Is your work place culture toxic?
Research tells us that positive working cultures are associated with better patient care. Sadly, experience tells us that many who work in health care have encountered toxic cultures.
Positive working cultures are not only nicer for the people who work in them, but contribute to greater patient safety, improved outcomes and better patient experience. For this reason, NHS Improvement has urged health care leaders in the UK to focus effort on promoting cohesive, supportive, collaborative and inclusive workplaces.
We have relatively little evidence about what senior medical leaders do – or try to do – to build positive cultures. So, in 2018 the GMC commissioned me to carry out a study whose aim was to capture senior leaders’ lived experience of trying to nurture constructive cultures in a wide range of health care organisations. (The full research report can be downloaded from the GMC’s website. The summary report is at the bottom of this page)
It is important to note that my research aim was to understand how leaders create positive cultures. But as it turned out, I heard a lot about negative clinical cultures too.
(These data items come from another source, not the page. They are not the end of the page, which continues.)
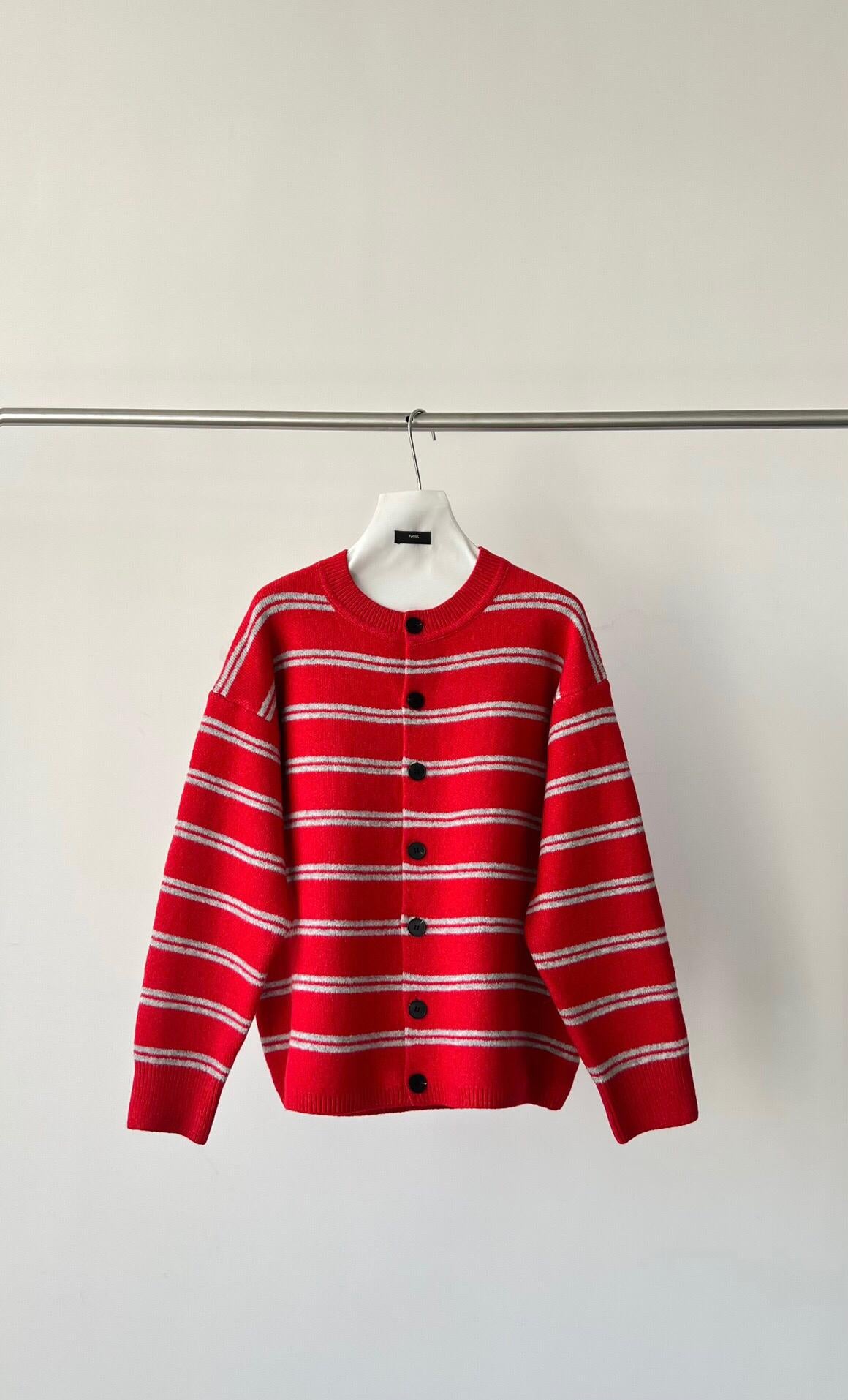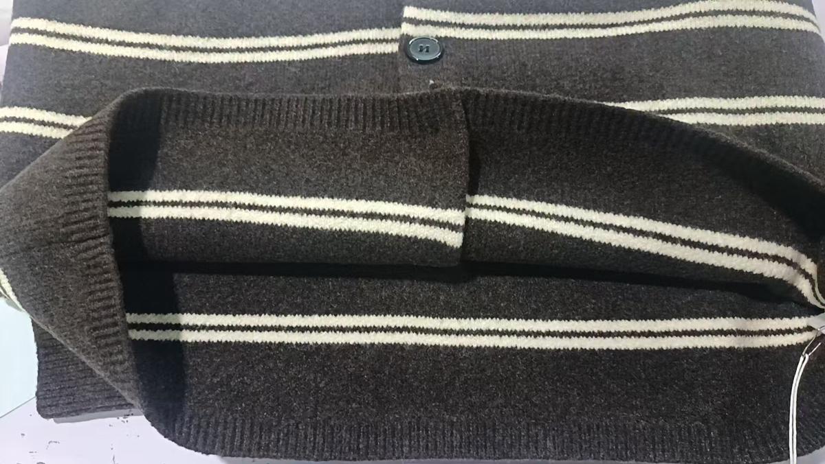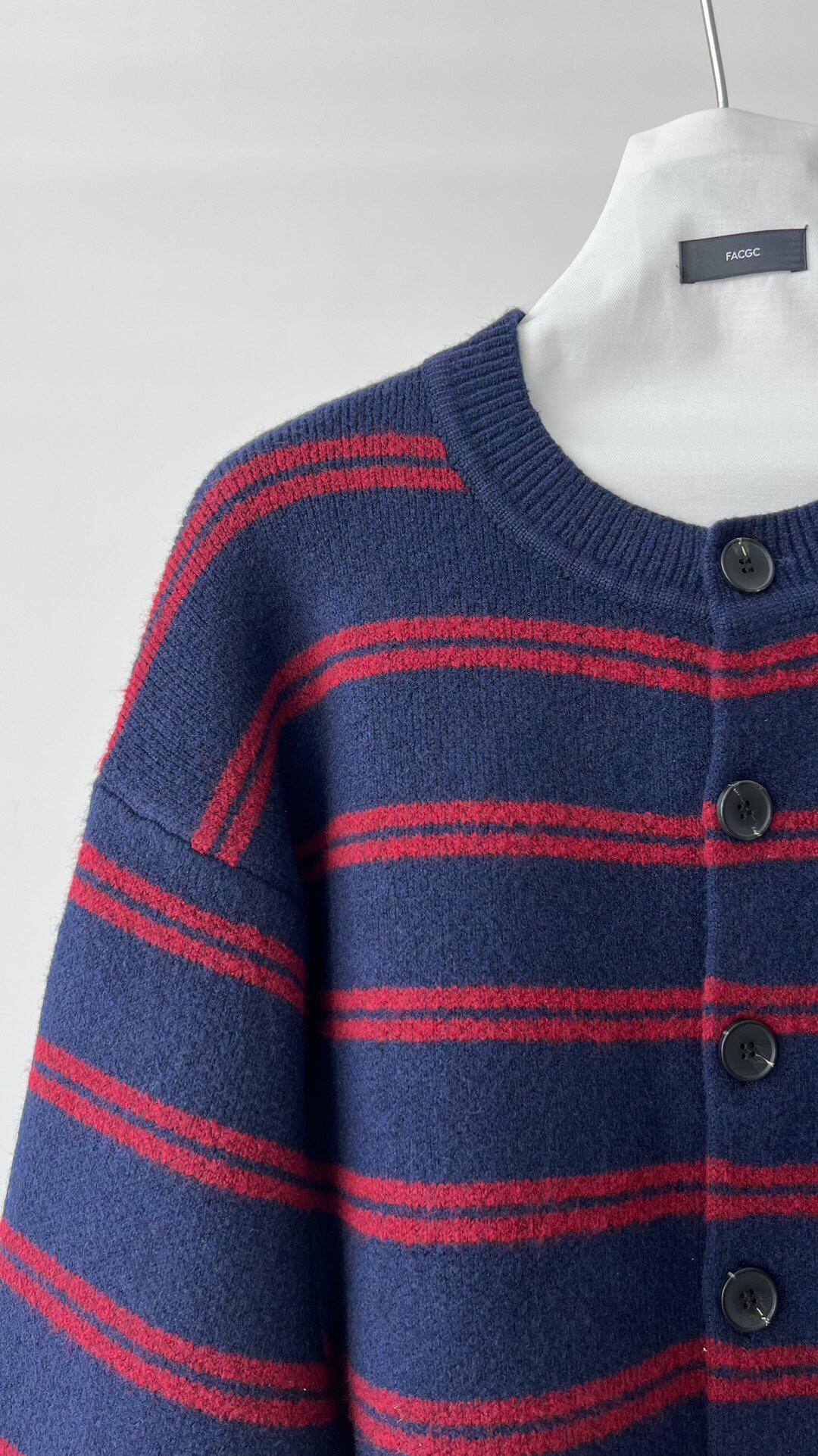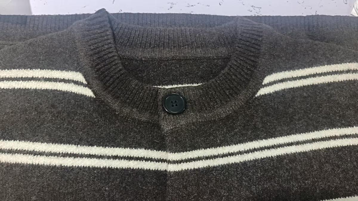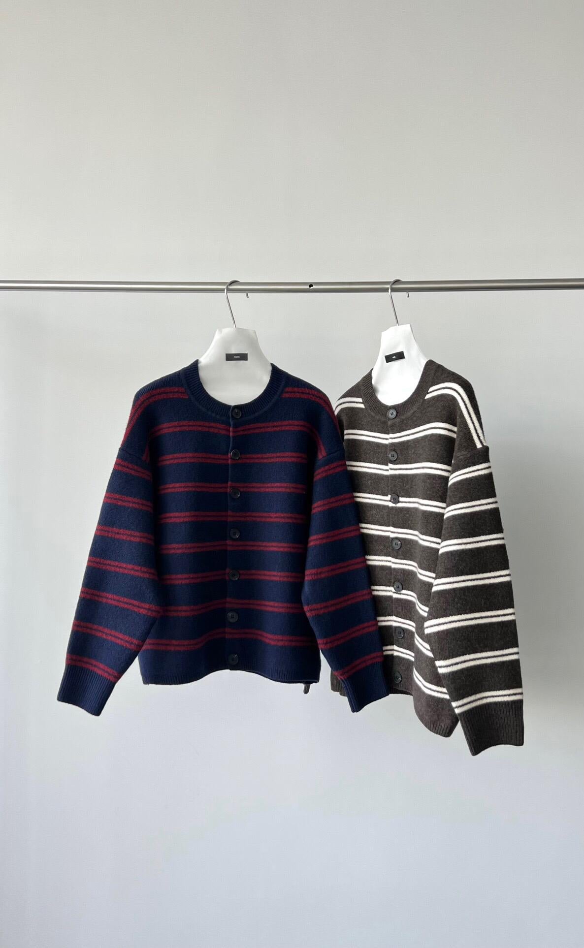 【YS2627】慵懶風圓領條紋開衫保暖毛衣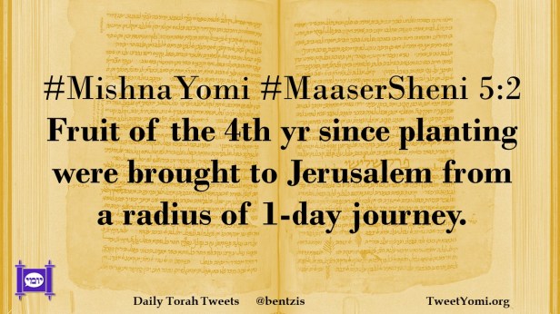 MaaserSheni, MishnaYomi #MishnaYomi #MaaserSheni 5:2 Date: September 22, 2022Author: ysspitz #MishnaYomi #MaaserSheni 5:2 Fruit of the 4th yr since planting were brought to Jerusalem from a radius of 1-day journey. Share this: Share on X (Opens in new window) X Share on Facebook (Opens in new window) Facebook Like Loading... Related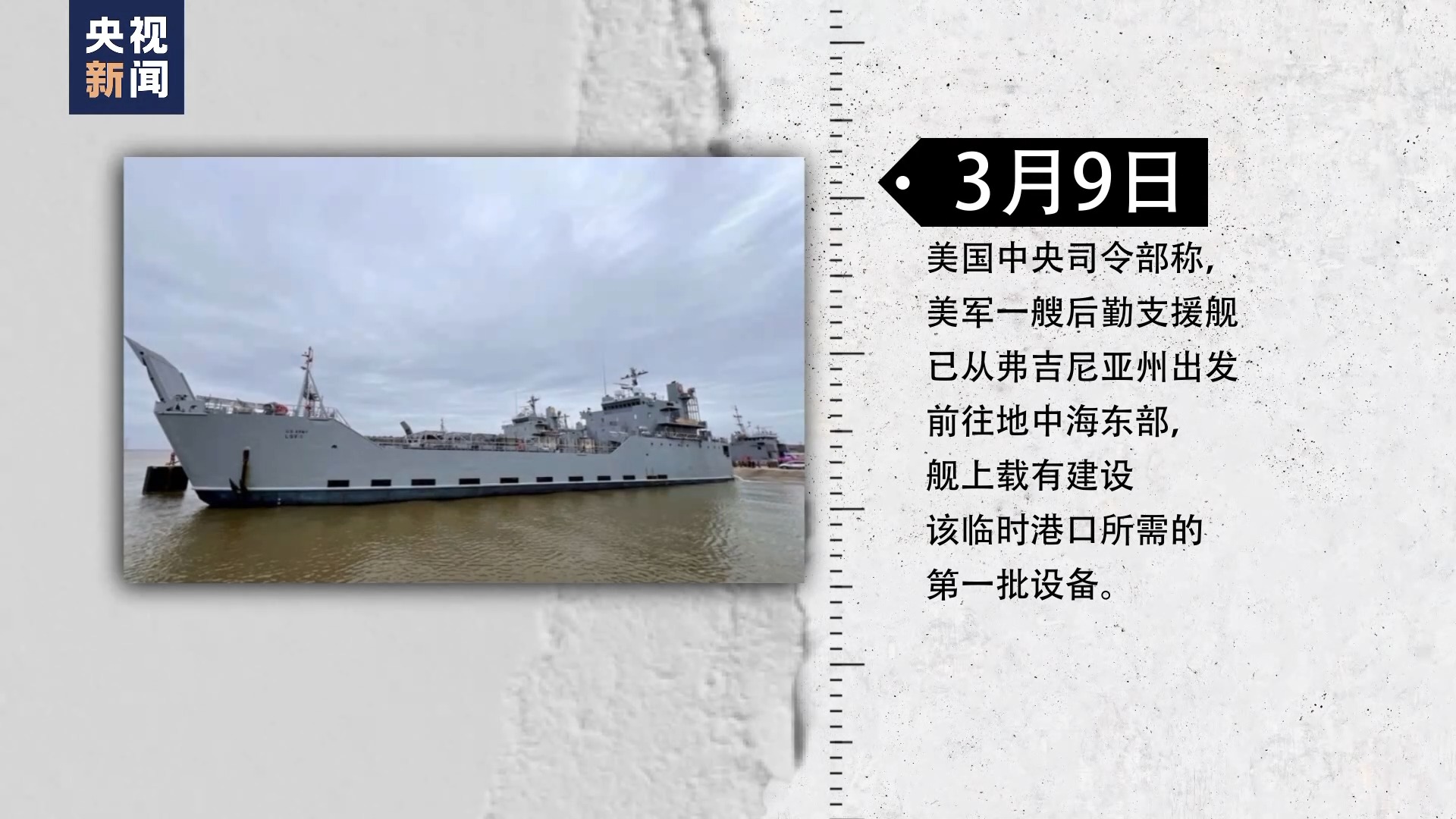 3月9日,美國中央司令部稱,美軍一艘后勤支援艦已從弗吉尼亞州出發(fā)前往地中海東部,艦上載有建設(shè)該臨時港口所需的第一批設(shè)備。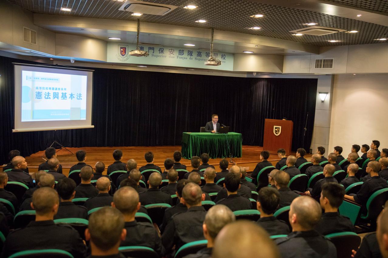 法务局与澳门保安部队高等学校合办的本年度第三场高等院校宪法与基本法专题系列活动已于7月27日顺利举行,活动邀请澳门大学法学院蒋朝阳教授主讲,透过讲座及交流茶聚,围绕“宪法和基本法共同构成特别行政区宪制基础”这一主题全面阐述两法的内容,并就《宪法修正案》的修改条文深入解说,引领约150位海关学员从多角度认识两法的内容及相互关系。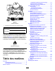 Entretien ATTENTION Un mauvais entretien de la machine peut entraîner la défaillance prématurée des divers systèmes et vous blesser ou blesser les personnes à proximité. Maintenez la machine bien entretenue et en bon état de marche, conformément aux instructions du présent manuel. Important: Reportez-vous au Manuel du propriétaire du moteur pour toutes procédures d'entretien supplémentaires.

I know from the many presentations that I have made of the research to large groups of doctors, nurses, and health care leaders, that these undesirable cultures are immediately recognisable. The research suggests how damaging they are, and also how extremely difficult it is to change them.
These are the five notable subcultures that leaders spoke about
- Diva subcultures. These arise when powerful and successful professionals are not called to account for inappropriate behaviour, and colleagues modify their working practices to accommodate them.
- Factional subcultures: which arise when disagreement within a team becomes endemic and the group starts to organise itself around continuing conflict.
- Patronage subcultures: these emerge when colleagues perceive strong bonds of loyalty, dependence and/or respect towards a benevolent leader possessed of social capital. The clinical group becomes reluctant to question or challenge the patron.
- Embattled subcultures: these may arise when resource has long been inadequate and is perennially unequal to demand. The group feels besieged by the unmet need they see in patients, and may exhibit burnout, learned helplessness, and resentment. Clinical decision-making may tend to minimise patient need in preference to recognising that needs cannot be met.
- Insular subcultures: groups that have become geographically or psychologically isolated from the cultural mainstream of the larger organisation, with the result that behaviours, professional practice, or standards of care deviate from accepted norms.
So what can be done?
The research report contains some description of intensive steps that had been taken in a handful of cases to change the culture of a particular department. These sometimes met with at least temporary success. But the two strongest messages from leaders were these.
Act early, act fairly, and act consistently to prevent these cultures taking hold in the first place.
Role model the behaviour you want to see. If you lost your temper, allow people to be rude to each other in your meetings, condemn people for not meeting impossible demands, demonstrate that you do not care about your staff’s wellbeing, etc. etc. then that is the kind of behaviour that will take hold in your teams and organisations.